Needless nowadays to revive the controversies which the book excited; we know that the Court of Chancery disgraced a country pretending to civilization; we know that, not long after the publication of Bleak House, it submitted to certain reforms yet it is interesting to remember that legal luminaries scoffed at Dickens's indignation and declared his picture utterly unlike the truth. One of these critics (Lord Denman) published a long and severe arraignment of the author, disputing not only his facts, but his theories of human nature. This novel, asserted Lord Denman, contained all Dickens's old faults and a good many new ones. Especially bitter was his lordship on the subject of Mrs. Jellyby, whom he held to be a gross libel on the philanthropic cause of slave emancipation. Many readers, naturally, found subject of offence in Mr. Chadband. Indeed, Bleak House seems to have aroused emotions in England very much as Martin Chuzzlewit did in America, the important point being that in neither case did Dickens's satire ultimately injure him with his public; in the end, the laugh was on his side, and with a laugh he triumphed. Not a little remarkable, when one comes to think of it, this immunity of the great writer. Humour, and humour alone, could have ensured it to him. It is all very well to talk of right prevailing, of the popular instinct for justice, and so on; these phrases mean very little. Dickens held his own because he amused. The noblest orator ever born, raising his voice in divine wrath against Chancery and all its vileness would not have touched the «great heart of the People» as did these pages which make gloriously ridiculous the whole legal world from His Lordship in his High Court down to Mr. Guppy on his high stool.

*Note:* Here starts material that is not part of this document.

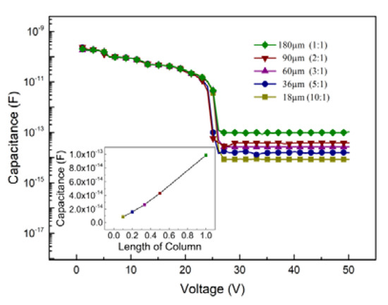 where εrε0 is the product of relative and vacuum permittivity, d is the length of the column, and R/r is the ratio of the outer electrode radii and inner electrode radii of the detector. Figure 3 shows the capacitance v.s. bias voltage curves at different lengths of the column electrode. As we calculated above, the capacitance increases linearly with the column electrode length and they are all less than 100 fF.

The satire is of very wide application; it involves that whole system of pompous precedent which in Dickens's day was responsible for so much cruelty and hypocrisy, for such waste of life in filth and gloom and wretchedness. With the glaring injustice of the Law, rotting society down to such places as Tom-all-Alone's, is associated the subtler evils of an aristocracy sunk to harmful impotence. With absurd precedent goes foolish pride, and self-righteousness, and every form of idle egoism; hence we have a group of admirable studies in selfish conceit – Harold Skimpole, Mr. Turveydrop, Mr. Chadband, Mrs. Jellyby. Impossible to vary the central theme more adroitly, more brilliantly. In Bleak House London is seen as a mere dependance of the Court of Chancery, a great gloomy city, webbed and meshed, as it were, by the spinnings of a huge poisonous spider sitting in the region of Chancery Lane; its inhabitants are the blighted, stunted and prematurely old offspring of a town which knows not fresh air. Perfect, all this, for the purpose of the satirist. In this sense, at all events, Bleak House is an excellently constructed book.